IBS in such instances is a form of self-communication. It speaks of a fundamental mode of mental operation appearing through a physical disorder, a health condition, rather than through those emotional channels which evolved in human beings over hundreds of thousands of years. To regain health, IBS needs to be viewed as only the symptom. The real target of wellbeing in the case of IBS is recognising, then understanding, unconscious fear and anxiety.

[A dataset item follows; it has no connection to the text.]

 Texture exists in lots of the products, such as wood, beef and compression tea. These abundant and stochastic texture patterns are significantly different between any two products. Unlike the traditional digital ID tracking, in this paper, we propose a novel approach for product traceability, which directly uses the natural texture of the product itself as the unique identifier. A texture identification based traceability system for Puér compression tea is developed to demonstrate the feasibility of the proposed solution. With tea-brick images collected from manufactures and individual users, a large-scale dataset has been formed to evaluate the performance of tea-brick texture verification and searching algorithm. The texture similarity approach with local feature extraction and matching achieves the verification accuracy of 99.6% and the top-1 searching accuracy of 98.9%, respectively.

Last week, a report in The Independent revealed the cost of this kind of suppression to women in particular: research has found how much of a toll this is taking on [women’s] bodies, particularly if your people-pleasing involves something known as ‘self-silencing,’ i.e. when you suppress your own emotional needs, overly monitor your behaviour, and refrain from self-expression to avoid upsetting others. This modern term self-silencing is particularly telling, I think. Literally the suppression of emotional needs in order to please others, it also involves hypervigilance and learned behaviours such as constantly agreeing and seeking approval. The real damage is silencing the self – in effect blocking self-authenticating networks so that the self cannot communicate with itself in meaningful ways. Self-silencing says it all: no route at all for emotional knowledge to be expressed. It is this lack of ability for women that leads to illnesses and conditions which they in particular suffer. Such conditions include fibromyalgia and many others. Mental wellbeing through full emotional expression also leads to self-worth. Women suffer far more in these areas than do men.

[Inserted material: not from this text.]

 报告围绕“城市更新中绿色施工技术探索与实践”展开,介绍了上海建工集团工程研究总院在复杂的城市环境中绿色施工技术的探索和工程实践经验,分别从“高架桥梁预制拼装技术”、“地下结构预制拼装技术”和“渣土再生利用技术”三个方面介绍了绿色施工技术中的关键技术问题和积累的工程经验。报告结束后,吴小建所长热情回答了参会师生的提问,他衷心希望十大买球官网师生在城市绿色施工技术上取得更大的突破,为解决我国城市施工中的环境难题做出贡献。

These behaviours for women have a solid biological basis in the brain too, because, as a learned behaviour, self-silencing through people-pleasing involves dopamine pathways. That means people-pleasing, seeking approval and self-silencing all become behaviour patterns which, though damaging, are difficult to unlearn because they are rewarded by the brain through dopamine. The stress patterns such behaviours generate are often what lead to chronic conditions, because a woman’s nervous system simply never gets a chance to switch off; there is no pattern of on/off when it comes to activity and relaxation.
We are all self-authenticating creatures: men and women. We need that mode of operation because it is absolutely central to our conscious minds. Human emotions evolved for a specific and vital purpose. To deny that purpose is to deny the real world.
These are indeed acts of self-sabotage.